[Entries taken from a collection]
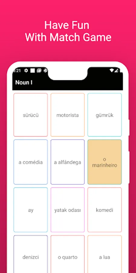 Last feature is card matching. It is designed to improve your visual memorization and help you learn words even better. Tap the cards on the screen and select the matching translations with each other. Fun for everyone thanks to an easy to use interface.
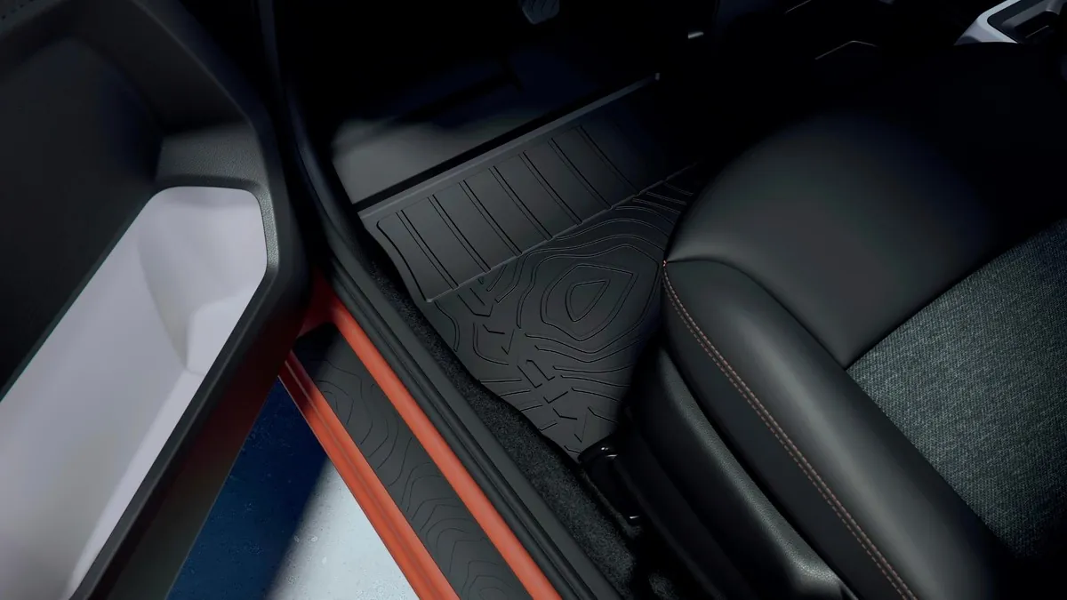 Dacia también ha trabajado la aerodinámica, aunque el Spring no sea un coche para batir récords. Ahora dispone de áreas carenadas bajo la carrocería en las zonas delantera, lateral y trasera. Si añadimos un alerón rediseñado y nuevos perfiles de llanta, se alcanza un coeficiente SCx de 0,745 a 0,660 con llantas de 14 pulgadas. En un coche que consume 12,4 kWh cada 100 kilómetros en ciclo WLTP, esa bajada en la resistencia aerodinámica contribuye de forma directa a mantener la autonomía con una batería algo más pequeña.
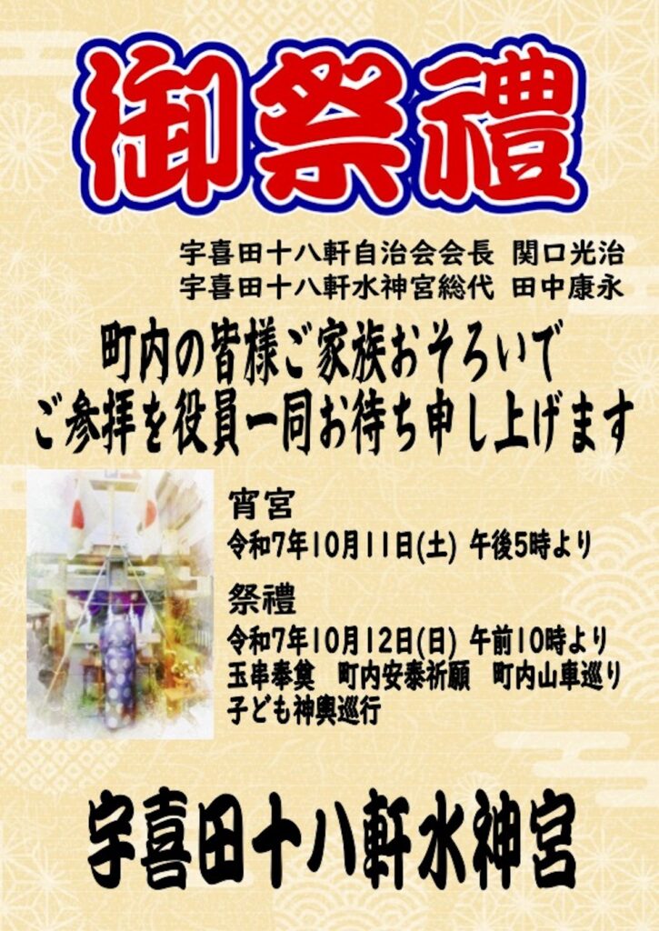今年も恒例の、宇喜田十八軒水神宮御祭禮が行われます。
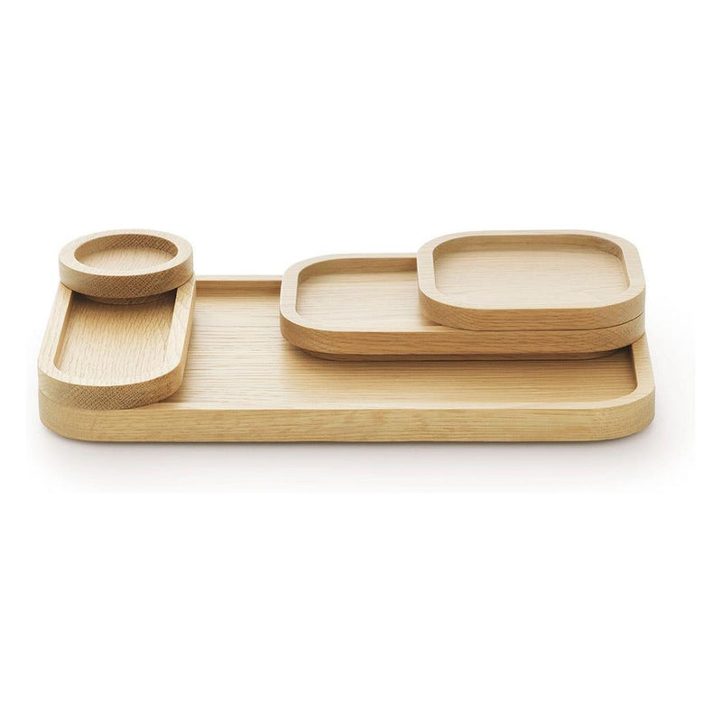 Each tray has its own unique shape, though common to them all is their rounded, organic form and their well-balanced proportions. This gives them a harmonious expression whether the trays are used together or individually. The warm color from the durable oak adds a natural, exclusive look to this practical design.
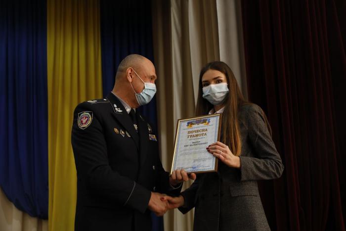 Почесну грамоту Союзу юристів України – доценту кафедри криміналістики, судової експертології та домедичної підготовки факультету № 1 підполковнику поліції Тетяні Матюшковій.
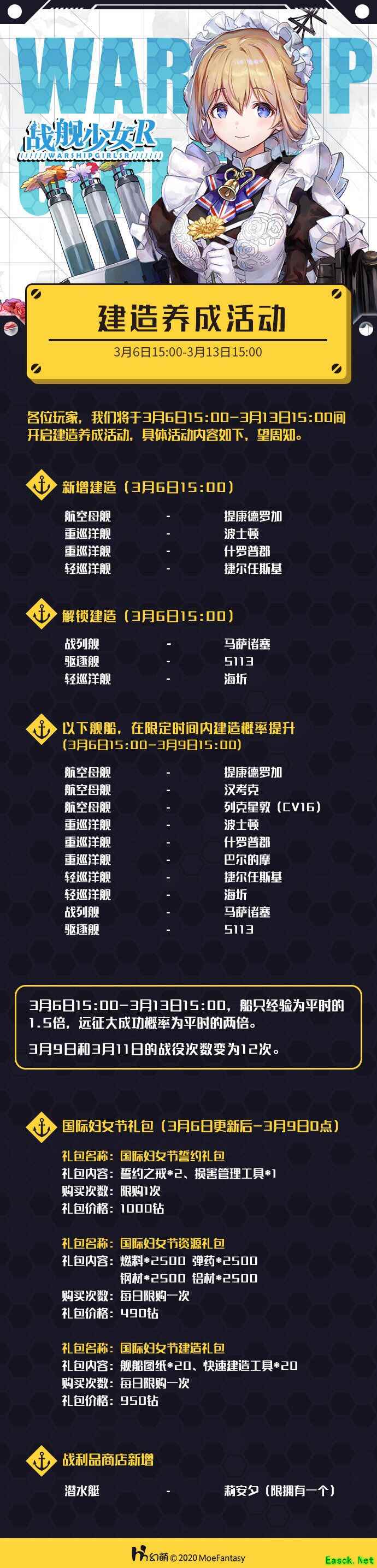 《战舰少女R》2020年3.6圣建养成活动公告
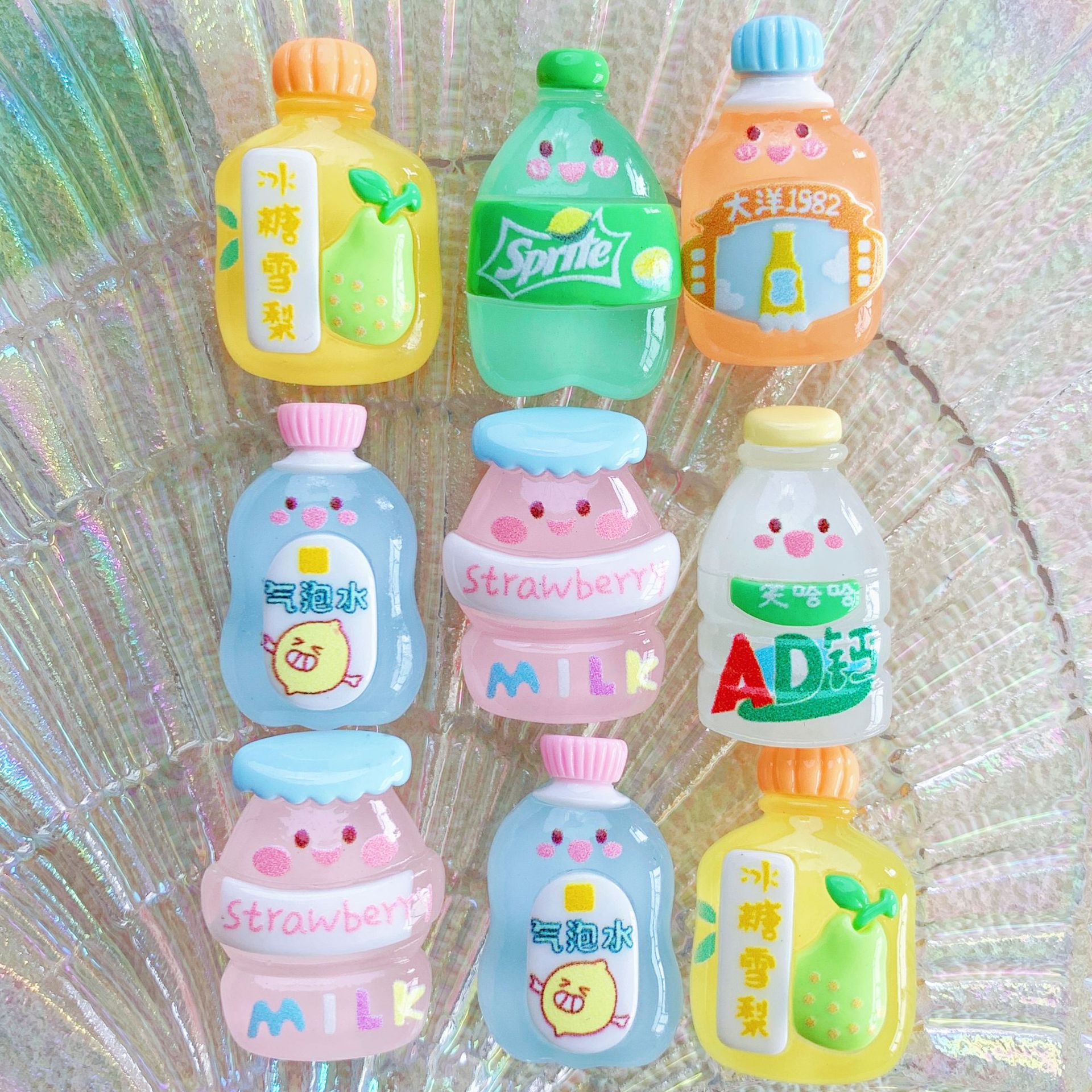 Aksesori resin minuman bercahaya botol makanan dan bermain jepit rambut sepatu lubang cangkang ponsel bahan aksesori alat tulis
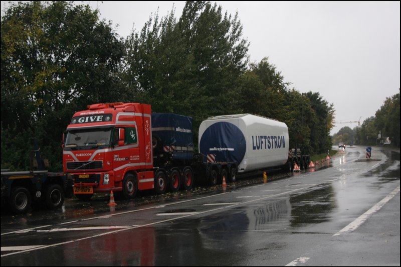Volvo FH16 660PS mit dem Windkraftmotor am Straßenrand. (01.10.08)
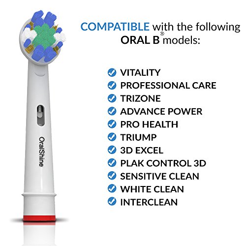 -. Feature : ✔ PREMIUM QUALITY ORAL B REPLACEMENT TOOTHBRUSH HEADS: If you have just purchased your electric Oral B toothbrush and you are looking for the perfect replacement heads, then we got you covered. We have the ultimate Oral B replacement toothbrush head set of 4 that will serve all of your brushing teeth needs to the fullest. BONUS: We're also including a FREE set of 4 soft bristles. / ✔ COMPACT TOOTHBRUSH HEADS FOR OPTIMAL TOOTH COVERAGE: You can now smile again and keep your teeth crystal clear with our compact toothbrush heads. Their high quality bristles will fit on the natural shape of each and every single one of your teeth, without feeling bulky at all. Get ready for some dental professional care with these replacement toothbrush heads. / ✔ TOOTHBRUSH HEADS FOR PLAQUE REMOVAL & GINGIVITIS DECREASE: OralShine has designed these Oral B toothbrush heads to protect your teeth to the maximum. Their ergonomic design will remove plaque and decrease the chance of gingivitis unlike manual toothbrushes. You can rest assured that your teeth are in good hands. / ✔ GREAT COMPATIBILITY WITH ORAL B ELECTRIC TOOTHBRUSHES: Our 4 regular toothbrush heads are compatible with most Oral B rechargeable toothbrushes. Is it Oral B professional care 1000, 8500 or 600? You name it and our removable heads will fit perfectly without any issues. Brushing your teeth has reached another level! / ✔ THE ULTIMATE 4 & 4 REPLACEMENT TOOTHBRUSH HEAD SET: Along with the 4 regular toothbrush heads, you will be offered 4 bonus heads with soft bristles. And all these in simply one OralShine package. These toothbrush heads are ideal for women, men and kids that pay extra attention to their oral hygiene and hate spending a fortune at the dentist's office.
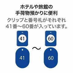 手荷物預かりに便利な番号札+クリップ式。ホテル・旅館、飲食店に最適。20番単位で購入できます。
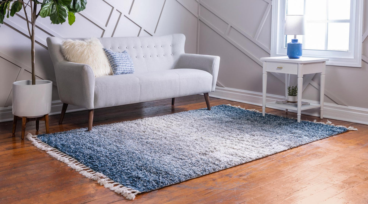Blue 4' 1 x 6' 1 Hygge Shag Rectangle Area Rug Thick Soft Touch Fluffy & Plush Shaggy Pile 100% Polypropylene With Jute Backing Modern Carpet
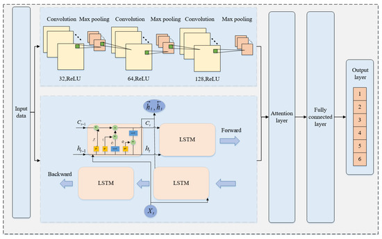 Therefore, in order to retain the advantages of CNN and BiLSTM in data feature extraction, this paper proposes a fault diagnosis method that combines CNN and BiLSTM features using attention mechanism. Figure 4 shows the workflow of the CNN-BiLSTM-AM hybrid model proposed in this paper. The hybrid model consists of three parts: the CNN module, BiLSTM module, and attention module. The specific steps of fault diagnosis of this model are as follows:
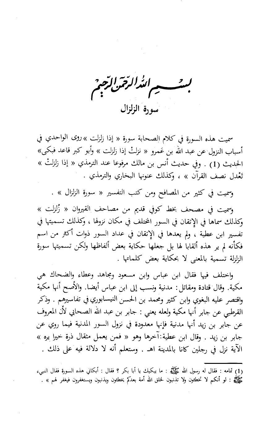 وَسُمِّيَتْ فِي كَثِيرٍ مِنْ الْمَصَاحِفِ وَمِنْ كُتُبِ التَّفْسِيرِ «سُورَةَ الزِّلْزَالِ» .
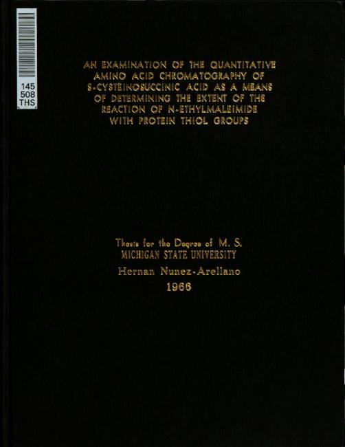 An examination of the quantitative amino acid chromatography of S-Cysteinosuccinic acid as a means of determining the extent of the reaction of N-Ethylmaleimide with protein thiol groups
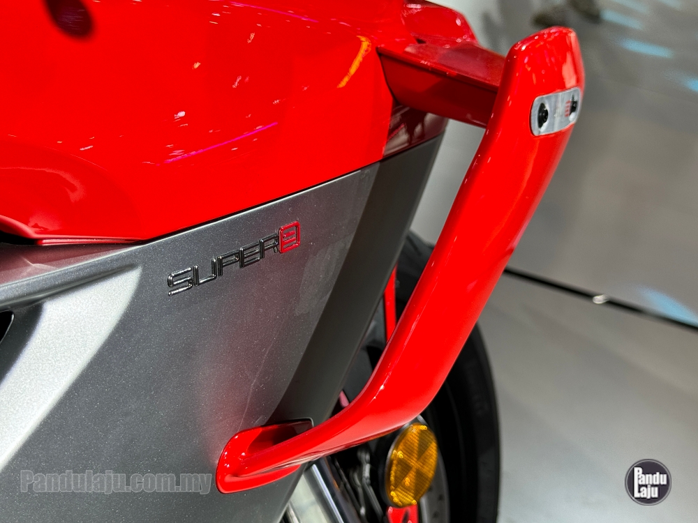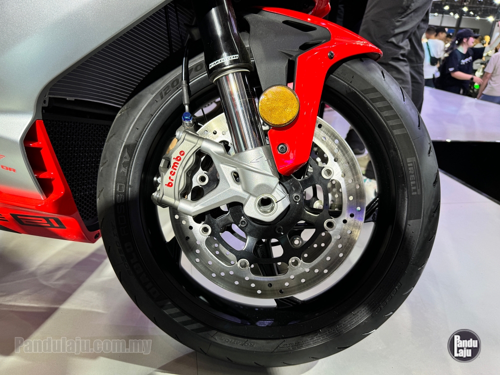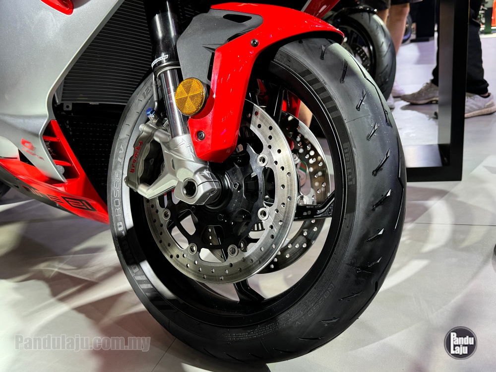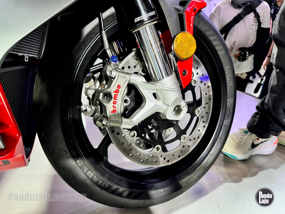 - Brek cakera kembar 320mm dengan kaliper Brembo Stylema 4-piston (depan), dan cakera tunggal 260mm kaliper Brembo dwi-piston (belakang).
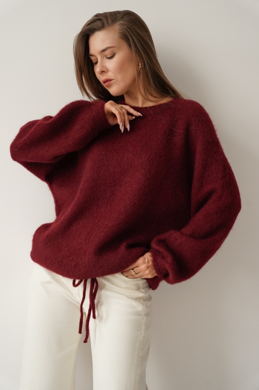 Klasyczny sweter z wiązaniem z kid moheru i wełny merino Stella marsala
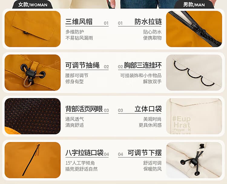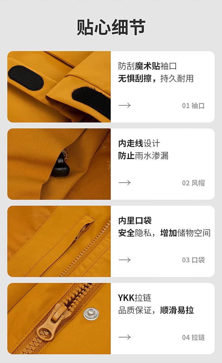 全衣 1.3cm 超薄压胶 + 防水 YKK 拉链,接缝严丝合缝不渗水。

- [To do] In the records above, find the line containing "Volvo FH16 660PS" and output every line from the first through that one, exactly, omitting pictures.

- [Reply]
 Last feature is card matching. It is designed to improve your visual memorization and help you learn words even better. Tap the cards on the screen and select the matching translations with each other. Fun for everyone thanks to an easy to use interface.
 Dacia también ha trabajado la aerodinámica, aunque el Spring no sea un coche para batir récords. Ahora dispone de áreas carenadas bajo la carrocería en las zonas delantera, lateral y trasera. Si añadimos un alerón rediseñado y nuevos perfiles de llanta, se alcanza un coeficiente SCx de 0,745 a 0,660 con llantas de 14 pulgadas. En un coche que consume 12,4 kWh cada 100 kilómetros en ciclo WLTP, esa bajada en la resistencia aerodinámica contribuye de forma directa a mantener la autonomía con una batería algo más pequeña.
今年も恒例の、宇喜田十八軒水神宮御祭禮が行われます。
 Each tray has its own unique shape, though common to them all is their rounded, organic form and their well-balanced proportions. This gives them a harmonious expression whether the trays are used together or individually. The warm color from the durable oak adds a natural, exclusive look to this practical design.
 Почесну грамоту Союзу юристів України – доценту кафедри криміналістики, судової експертології та домедичної підготовки факультету № 1 підполковнику поліції Тетяні Матюшковій.
 《战舰少女R》2020年3.6圣建养成活动公告
 Aksesori resin minuman bercahaya botol makanan dan bermain jepit rambut sepatu lubang cangkang ponsel bahan aksesori alat tulis
Volvo FH16 660PS mit dem Windkraftmotor am Straßenrand. (01.10.08)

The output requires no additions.